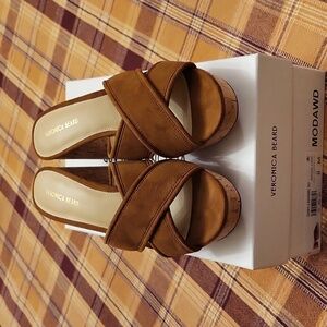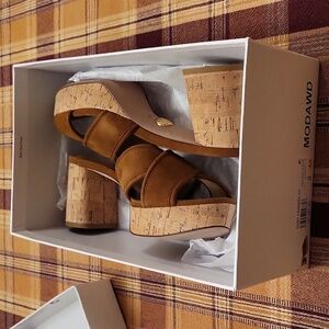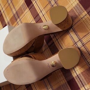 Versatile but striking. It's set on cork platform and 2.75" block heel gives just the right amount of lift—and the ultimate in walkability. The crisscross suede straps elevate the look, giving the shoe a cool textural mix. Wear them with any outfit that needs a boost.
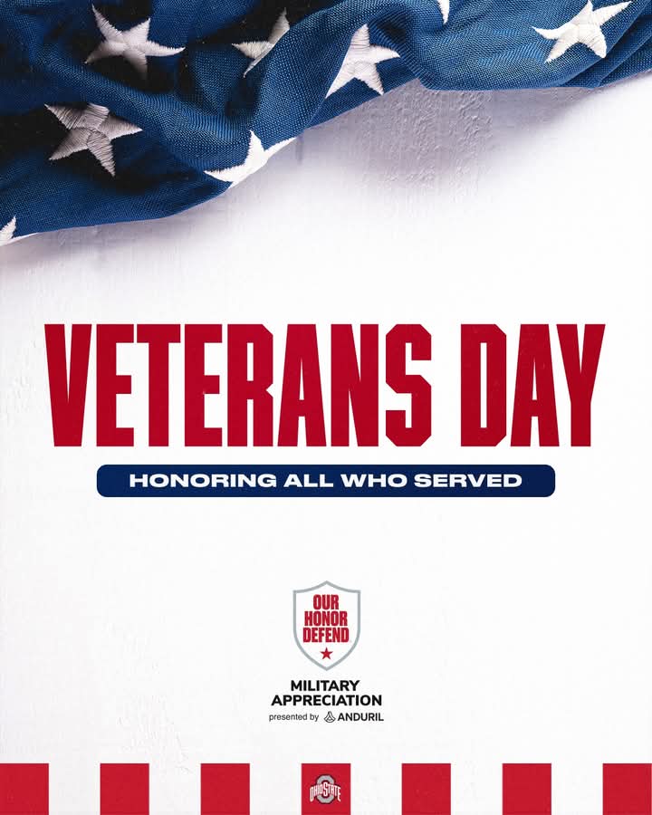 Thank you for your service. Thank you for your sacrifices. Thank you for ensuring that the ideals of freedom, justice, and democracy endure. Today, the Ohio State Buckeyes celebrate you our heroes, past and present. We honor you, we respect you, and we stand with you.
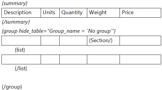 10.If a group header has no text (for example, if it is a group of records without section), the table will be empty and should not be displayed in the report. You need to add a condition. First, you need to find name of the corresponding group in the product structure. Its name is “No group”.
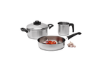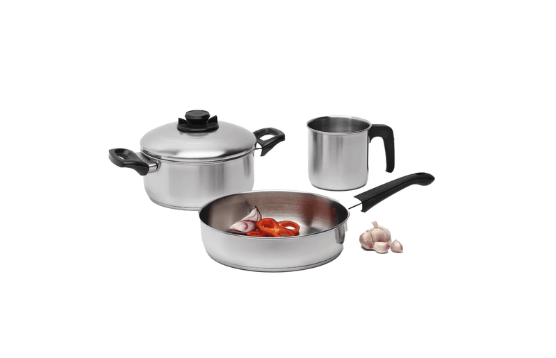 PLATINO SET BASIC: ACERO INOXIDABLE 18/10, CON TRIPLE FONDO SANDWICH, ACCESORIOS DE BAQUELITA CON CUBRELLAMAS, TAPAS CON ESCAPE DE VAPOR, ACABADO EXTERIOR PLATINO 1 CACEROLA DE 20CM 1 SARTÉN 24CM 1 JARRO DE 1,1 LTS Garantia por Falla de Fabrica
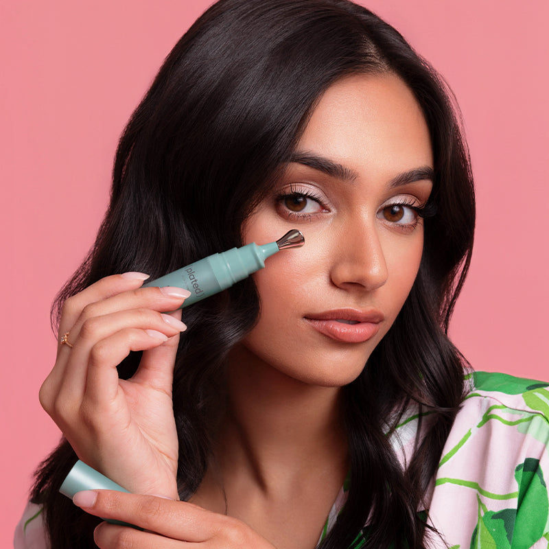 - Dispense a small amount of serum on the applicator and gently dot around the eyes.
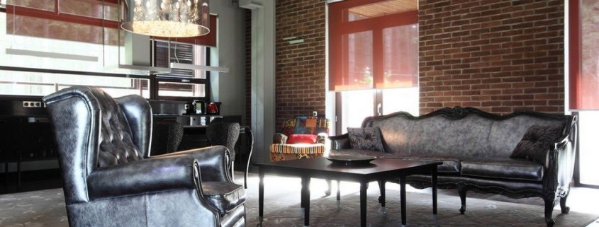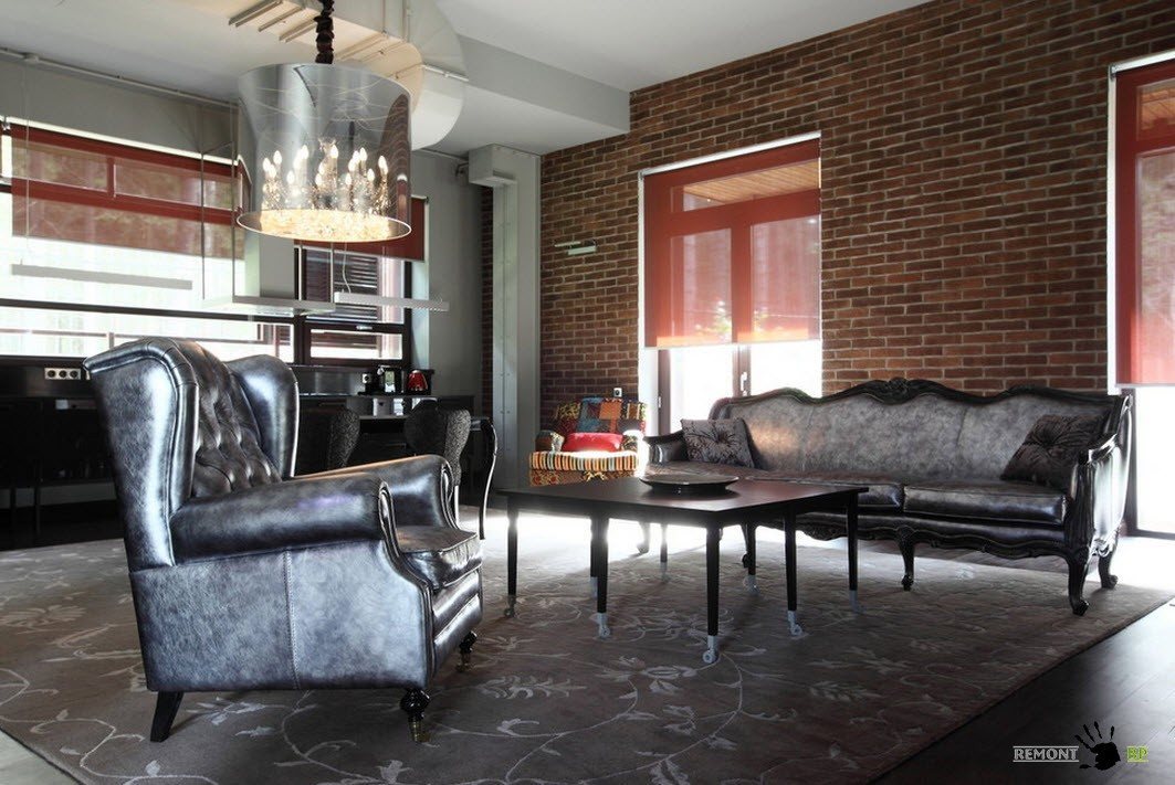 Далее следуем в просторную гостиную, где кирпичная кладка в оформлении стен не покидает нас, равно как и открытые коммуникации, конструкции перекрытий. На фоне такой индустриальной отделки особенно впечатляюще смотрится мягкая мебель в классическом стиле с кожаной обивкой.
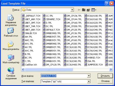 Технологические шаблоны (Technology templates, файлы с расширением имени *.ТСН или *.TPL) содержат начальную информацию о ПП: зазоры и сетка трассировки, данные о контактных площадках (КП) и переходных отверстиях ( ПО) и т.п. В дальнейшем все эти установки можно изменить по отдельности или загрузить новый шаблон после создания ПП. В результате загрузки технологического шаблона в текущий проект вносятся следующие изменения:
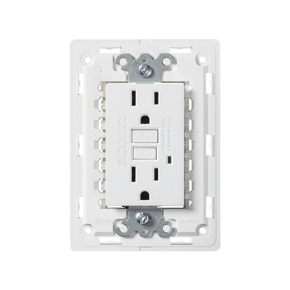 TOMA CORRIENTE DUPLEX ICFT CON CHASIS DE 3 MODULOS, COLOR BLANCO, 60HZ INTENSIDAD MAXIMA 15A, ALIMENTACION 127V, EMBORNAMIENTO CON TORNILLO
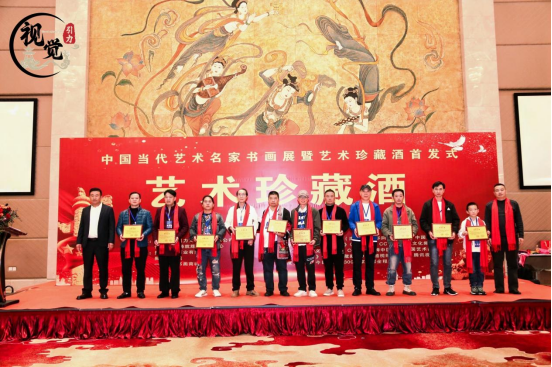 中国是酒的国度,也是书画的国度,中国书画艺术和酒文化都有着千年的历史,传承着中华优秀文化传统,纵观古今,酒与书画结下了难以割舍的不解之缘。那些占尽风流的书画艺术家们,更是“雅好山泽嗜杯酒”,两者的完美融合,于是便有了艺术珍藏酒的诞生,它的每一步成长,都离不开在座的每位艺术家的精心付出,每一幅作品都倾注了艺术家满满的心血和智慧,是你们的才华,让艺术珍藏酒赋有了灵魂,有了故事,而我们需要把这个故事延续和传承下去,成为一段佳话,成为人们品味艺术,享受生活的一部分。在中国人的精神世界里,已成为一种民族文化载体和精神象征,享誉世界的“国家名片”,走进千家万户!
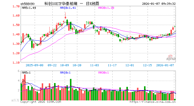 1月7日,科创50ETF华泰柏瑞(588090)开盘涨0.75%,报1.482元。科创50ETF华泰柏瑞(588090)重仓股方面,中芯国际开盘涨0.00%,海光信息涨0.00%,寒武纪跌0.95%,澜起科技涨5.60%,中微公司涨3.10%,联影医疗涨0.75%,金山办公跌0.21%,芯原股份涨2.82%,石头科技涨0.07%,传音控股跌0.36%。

**TASK STATEMENT**
Reproduce verbatim every line starting at the line that holds "Технологические шаблоны (Technology" and ending with the final line of the data; omit the pictures.

**ANSWER AREA**
 Технологические шаблоны (Technology templates, файлы с расширением имени *.ТСН или *.TPL) содержат начальную информацию о ПП: зазоры и сетка трассировки, данные о контактных площадках (КП) и переходных отверстиях ( ПО) и т.п. В дальнейшем все эти установки можно изменить по отдельности или загрузить новый шаблон после создания ПП. В результате загрузки технологического шаблона в текущий проект вносятся следующие изменения:
 TOMA CORRIENTE DUPLEX ICFT CON CHASIS DE 3 MODULOS, COLOR BLANCO, 60HZ INTENSIDAD MAXIMA 15A, ALIMENTACION 127V, EMBORNAMIENTO CON TORNILLO
 中国是酒的国度,也是书画的国度,中国书画艺术和酒文化都有着千年的历史,传承着中华优秀文化传统,纵观古今,酒与书画结下了难以割舍的不解之缘。那些占尽风流的书画艺术家们,更是“雅好山泽嗜杯酒”,两者的完美融合,于是便有了艺术珍藏酒的诞生,它的每一步成长,都离不开在座的每位艺术家的精心付出,每一幅作品都倾注了艺术家满满的心血和智慧,是你们的才华,让艺术珍藏酒赋有了灵魂,有了故事,而我们需要把这个故事延续和传承下去,成为一段佳话,成为人们品味艺术,享受生活的一部分。在中国人的精神世界里,已成为一种民族文化载体和精神象征,享誉世界的“国家名片”,走进千家万户!
 1月7日,科创50ETF华泰柏瑞(588090)开盘涨0.75%,报1.482元。科创50ETF华泰柏瑞(588090)重仓股方面,中芯国际开盘涨0.00%,海光信息涨0.00%,寒武纪跌0.95%,澜起科技涨5.60%,中微公司涨3.10%,联影医疗涨0.75%,金山办公跌0.21%,芯原股份涨2.82%,石头科技涨0.07%,传音控股跌0.36%。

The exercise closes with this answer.